Dieser Beitrag wurde entfernt heißt die deutsche Ausgabe des neuen Romans der niederländischen Autorin Hanna Bervoets. Das 100-Seiten-Werk der 1984 in Amsterdam geborenen Autorin handelt von den immer diffuser werdenden Grenzen zwischen Realität und Virtualität, von Wahrheit und Selbstbetrug. Vor allem aber handelt der Roman von den psychischen Folgen einer, man kann es nicht anders sagen, Drecksarbeit, die die schillernde Welt der sozialen Medien deshalb mit sich bringt, weil sich hier die Menschen gern von ihrer schlechtesten Seite zeigen.
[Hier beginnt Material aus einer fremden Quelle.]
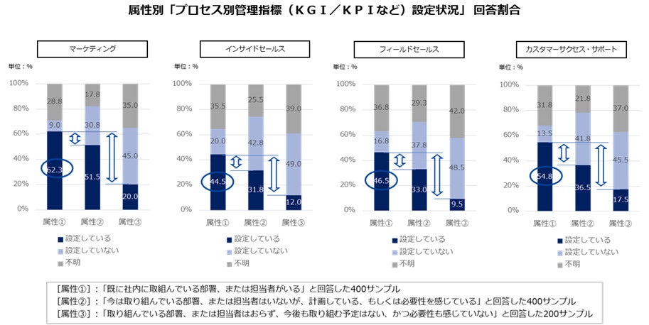 プロセス別管理指標(KGI/KPIなど)設定については、どのプロセスにおいても[属性①]の「設定している」と回答した割合が他の属性に比べて最も高い状況です。
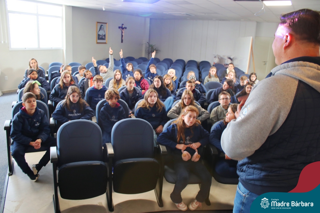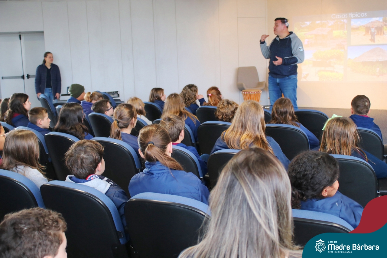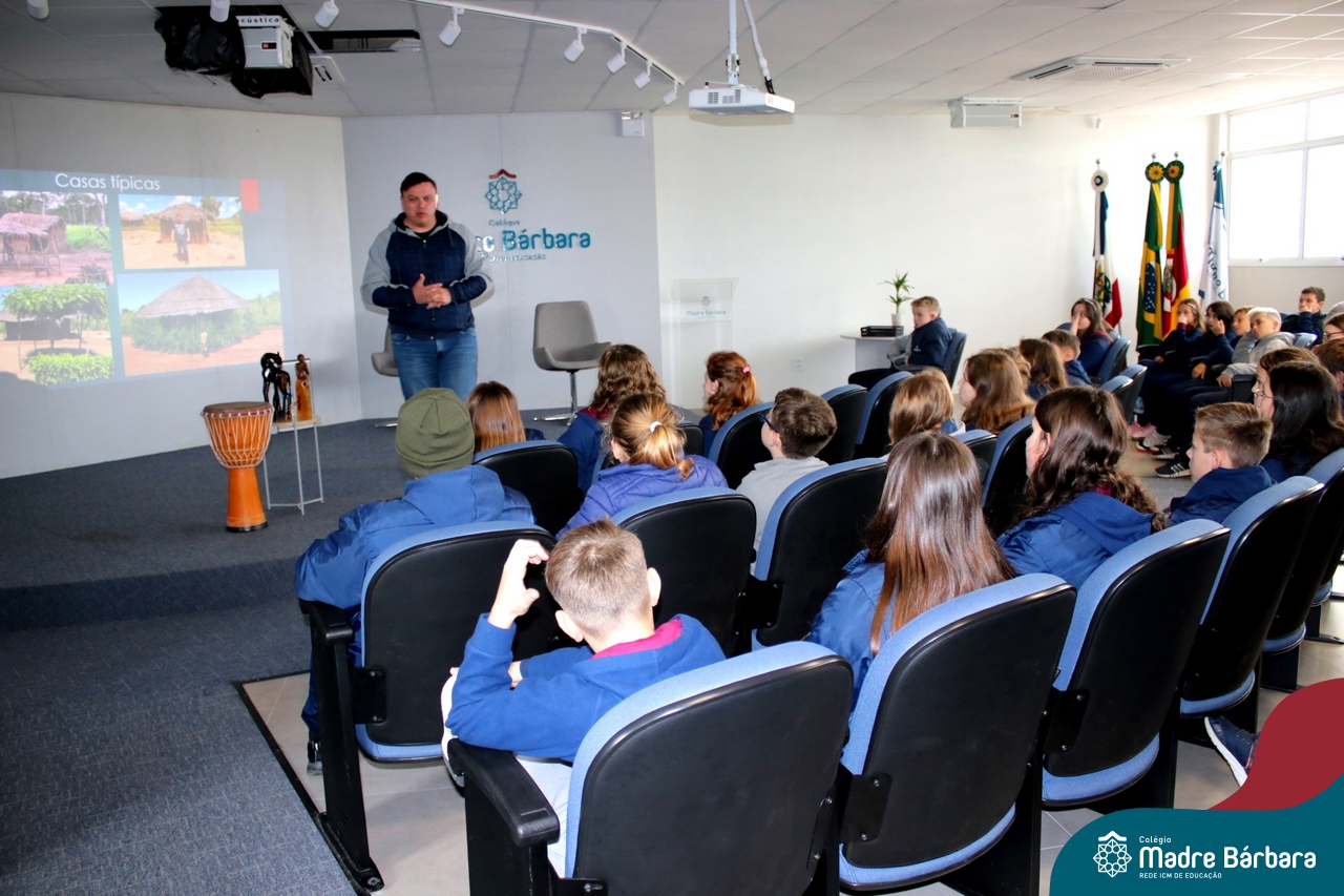 Seguindo os estudos relacionados aos povos africanos, na última sexta-feira as turmas dos 5ºs anos realizaram um bate-papo com Juliano dos Santos, pai da estudante Isabela da turma 51 sobre o trabalho humanitário que realiza em Moçambique, na África.
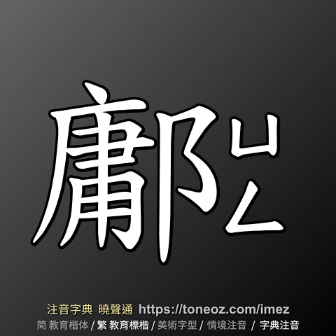 鄘,注音ㄩㄥ,拼音yōng,辭典解釋為:古國名。周代諸侯國,故址在今河南汲縣境內,周武王封管叔監殷於此。
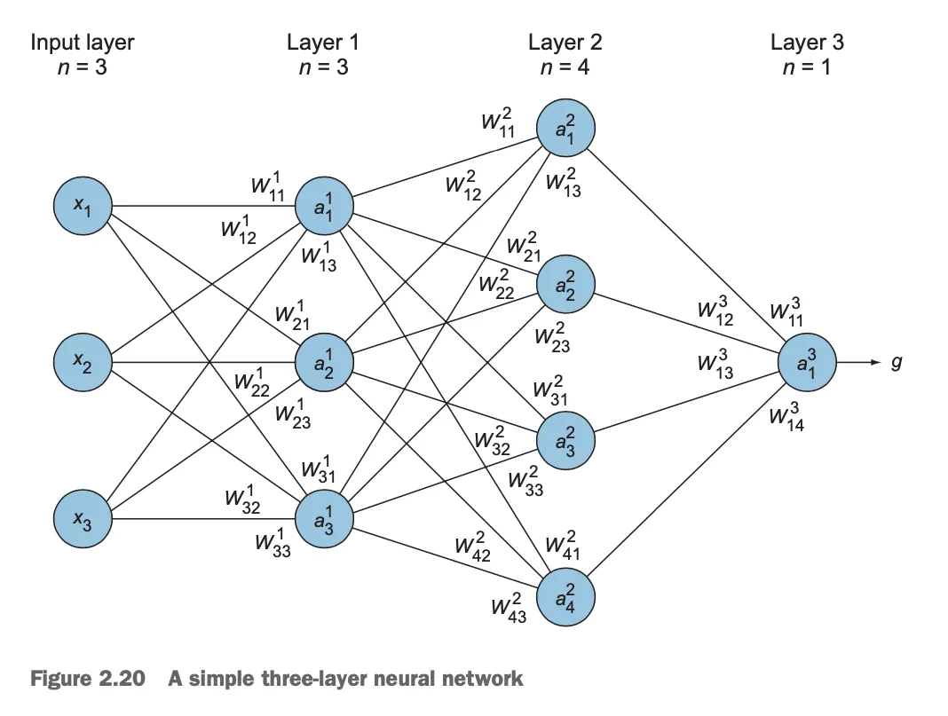 각 층은 뉴런 개로 이루어져 있으며, 층끼리는 가중치 결합을 통해 서로 연결되어 있습니다. 이를 한데 모은 구조가 위 그림에 실린 다층 퍼셉트론(multilayer perceptron, MLP)입니다.
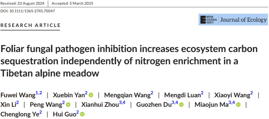 Fuwei Wang, Xuebin Yan, Mengqian Wang et al. Foliar fungal pathogen inhibition increases ecosystem carbon sequestration independently of nitrogen enrichment in a Tibetan alpine meadow. DOI: 10.1111/1365-2745.70047(特约通讯员:孟凡德 审核:沈树周)
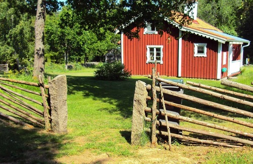 Cozy holiday home in a lovely setting. Perfect for a relaxing holiday, the house is close to beautiful nature with lots of trees and greenery. About 600 m to the beautiful Lake Kråksjön, and on the big nature lawn there is plenty of space for play and games. A “trinite” kitchen with hotplates, coffeemaker and microwave oven. The living room has a fireplace which provides a homely atmosphere. The house dates back to the 1900s and has its older charm preserved, the ceilings upstairs is 185 cm high, as it often was built in the past. Steep stairs to the upper floor. Outside in the garden there is a lovely patio, and here you may light up the grill on warm summer evenings.
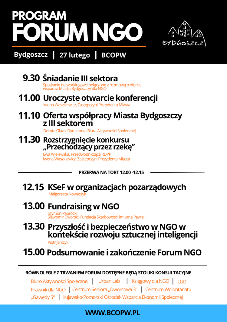 Odbywające się w piątek, 27 lutego forum rozpocznie się od „Śniadania III sektora” (godz. 9.00) połączonego z rozmową o ofercie wsparcia, jako Miasto Bydgoszcz kieruje do organizacji pozarządowych. Później wśród poruszanych tematów będą m.in. „KSeF w organizacjach – praktyczne wyzwania i przygotowanie”, „Fundraising w NGO”, czy „AI, przyszłość i bezpieczeństwo NGO”. Nie zabraknie również urodzinowego tortu z okazji Światowego Dnia Organizacji Pozarządowych.

Die Erzählsituation ist durchaus raffiniert und spannungsförderlich: Kayleigh arbeitet längst nicht mehr für Hexa, sondern sitzt an einer Museumskasse; nebenbei macht sie eine Therapie. Inzwischen strengt ein Anwalt namens Stitic eine Sammelklage an, durch die ihre traumatisierten Kolleg:innen entschädigt werden sollen. Einer schläft inzwischen mit einem Gewehr am Bett, andere leiden an Verfolgungswahn oder sind depressiv geworden. Aber Kayleigh will sich an der Klage nicht beteiligen. Warum, das erklärt sie in dem Roman, der als Absageschreiben an „Herrn Stitic“ zu verstehen ist. Und der gleichermaßen Bericht wie Bekenntnis einer Erzählerin ist, die sich und ihrem Verstand nicht mehr über den Weg traut. Umso gebannter folgt man ihren Erinnerungen.
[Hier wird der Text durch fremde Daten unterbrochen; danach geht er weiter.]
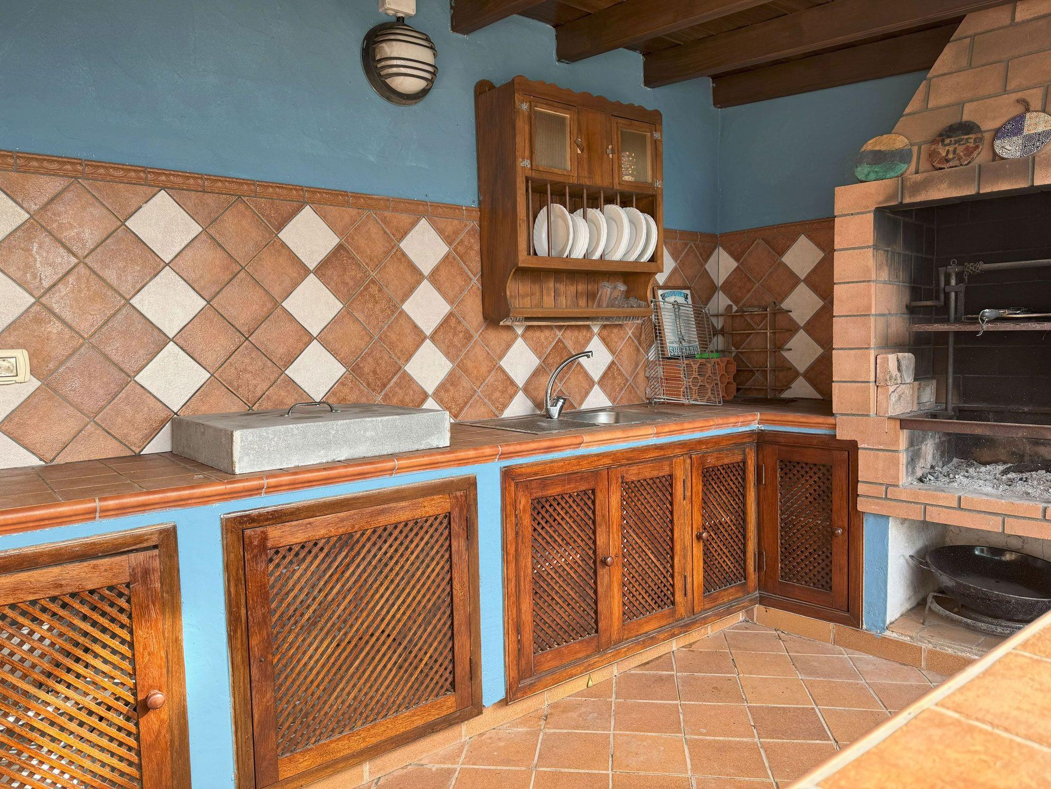 Ein separates Grillhaus mit Außenküche und Toilette in einem kleinen Nebengebäude ermöglicht den Gästen das Kochen und Essen im Freien.
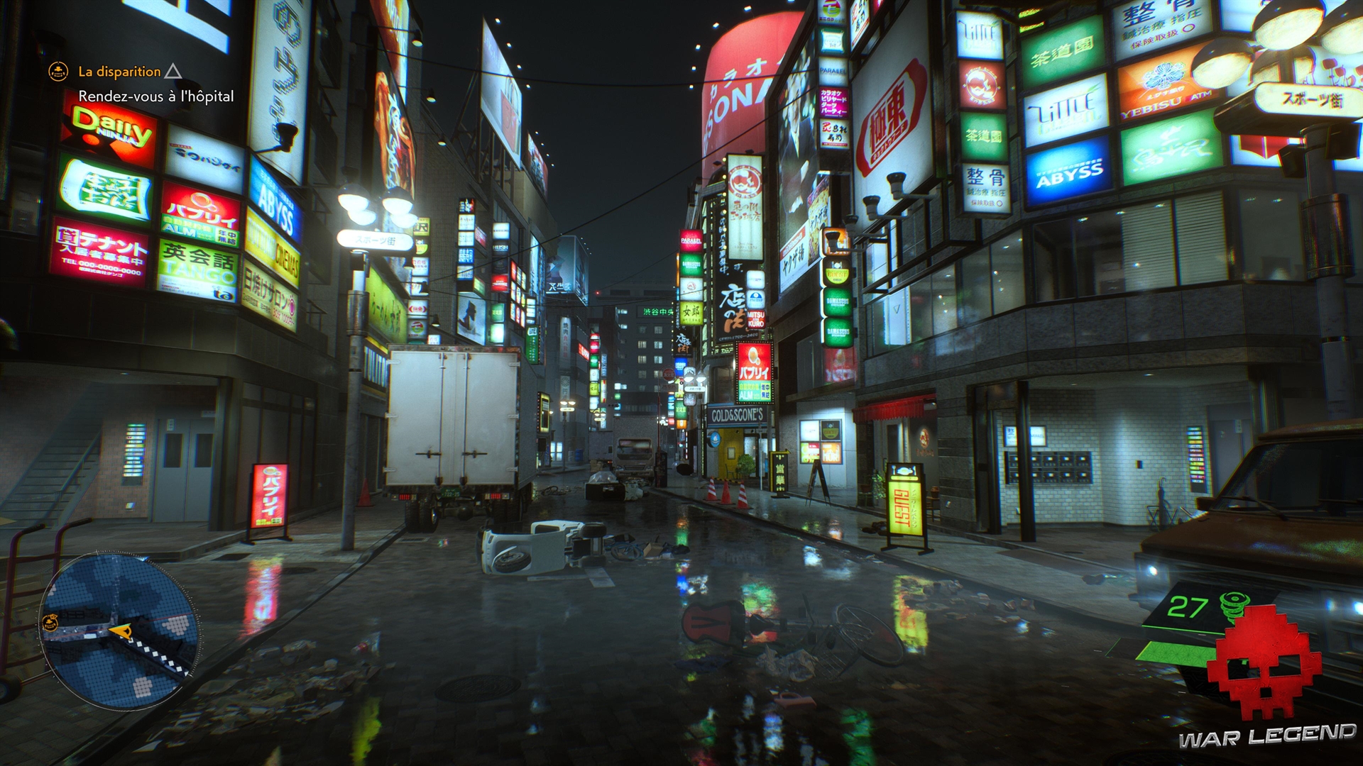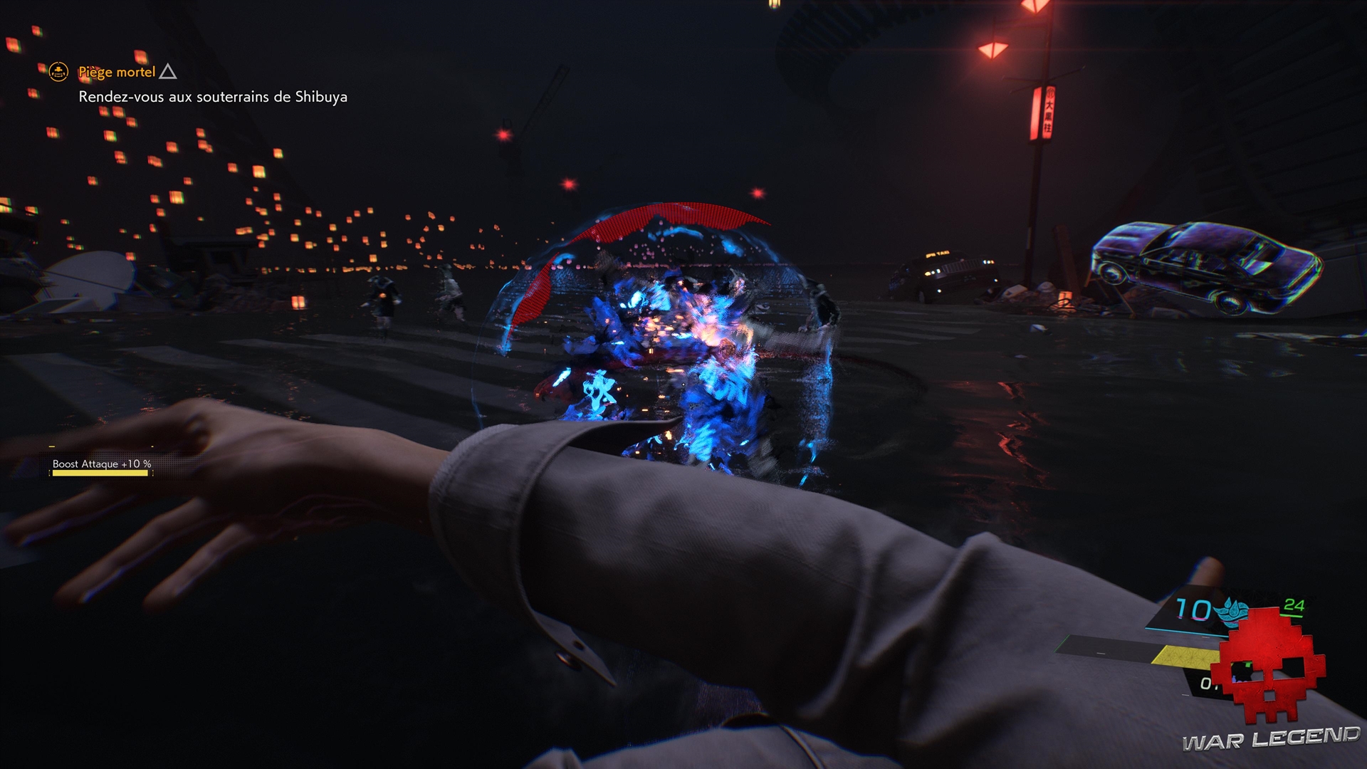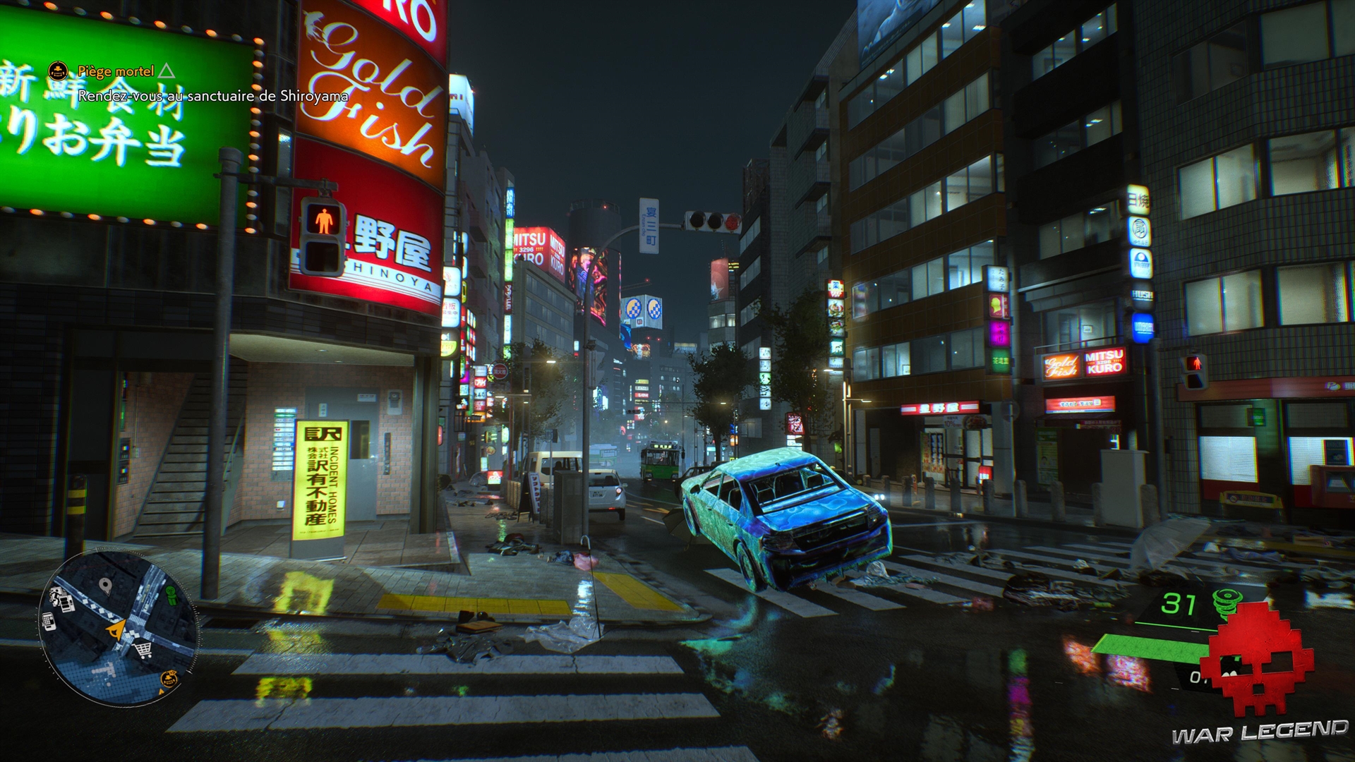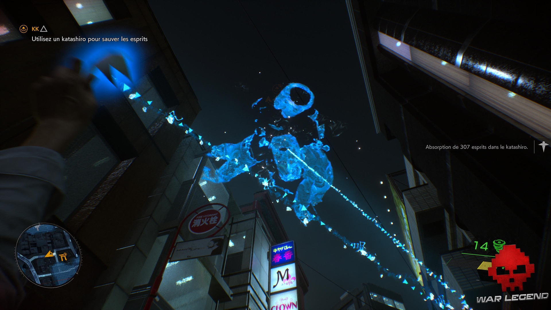 Eh oui, vous allez devoir mettre la main sur les 240 000 habitants du quartier le plus actif de Tokyo par paquets de 100, également nécessaires pour améliorer les capacités d’Akito. Tous les indicateurs sont là pour signaler que le dernier Tango Softworks a toutes les chances de m’épuiser avant même que le titre n’ait eu le temps de décoller, avec sa concentration assez hallucinante de trucs en surbrillance quand on active « la vue spectrale ». Mais bizarrement, il n’en est rien.

Denn die traumatisierende Wirkung dieses Jobs dringt nur schleichend in den Alltag der Hexa-Mitarbeiter:innen ein. Zunächst sieht im Leben der Protagonistin alles rosig aus: Kayleigh bekommt nicht nur endlich ihre Kreditschulden in den Griff, sie verliebt sich auch in eine Kollegin, Sigrid. Und die anderen im Team sieht sie als „Freunde“. Dass die Kolleg:innen abends in der Bar schon mal rassistische oder homophobe Sprüche klopfen, dafür hat Kayleigh durchaus Verständnis, jede*r muss mal Dampf ablassen. Eher lächerlich erscheinen ihr dagegen Sigrids Versuche, sich mit Meditation und bewusster Ernährung vom digitalen Dreck zu reinigen, der ihr Nacht für Nacht den Schlaf raubt. Dann ist da die seltsame Uhr, die einer ihrer Kollegen trägt und die ihn als Anhänger der Theorie von der „flachen Erde“ ausweist. Und wieso finden andere beim Gespräch in der Mittagspause plötzlich, die Sache mit dem Holocaust sei doch eigentlich „nicht richtig glaubwürdig“?
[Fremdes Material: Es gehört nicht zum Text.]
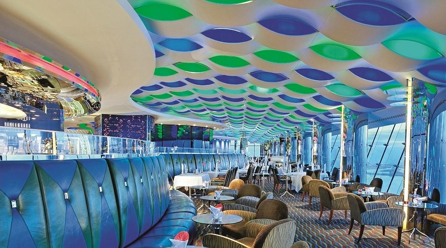 The experience unfolds within a space defined by floor-to-ceiling windows that wrap around the bar, creating an immersive panorama of Dubai's skyline and the Arabian Gulf beyond. Plush seating arrangements encourage intimate conversation while maximizing the spectacular vistas, with carefully orchestrated lighting that enhances the evening ambiance as city lights begin to twinkle below. Live music performances add sophisticated energy to the atmosphere, while the smart elegant dress code ensures every guest contributes to the refined environment. Service operates at the impeccable standards expected of the Burj Al Arab, with staff providing personalized recommendations and maintaining the discreet professionalism that defines luxury hospitality.
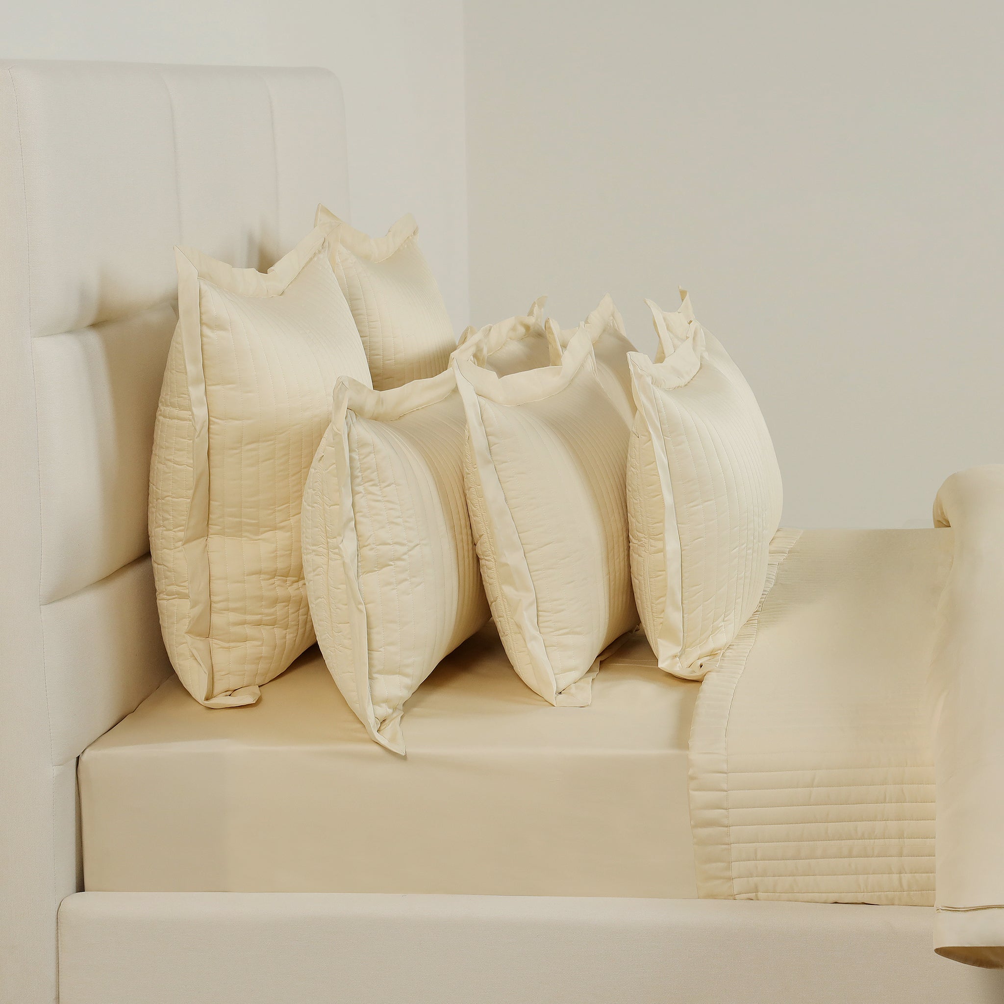 Transform your bedroom sanctuary with this exquisite channel stitch bedding set. Crafted from a delightful cotton sateen fabric, this set offers breathability and comfort. Adorned with a channel-stitched pattern, this set will create a soft and inviting textured appeal for a bed.

Zu letzteren gehört, wie sich herausstellt, auch Kayleighs Freundin, die sonst so empathische Sigrid, die als einzige dem vermeintlichen Selbstmörder auf dem Dach zu Hilfe eilen wollte. Hat Sigrid Recht mit ihrem Vorwurf, die Ich-Erzählerin überschreite ständig Grenzen, nicht zuletzt im Bett? Oder ist das nur Ausdruck ihrer Paranoia? So verstörend wie diese Beziehung gestaltet sich auch das Ende dieses empfehlenswerten Kurzromans über bislang wenig bekannte Schattenseiten von Social Media.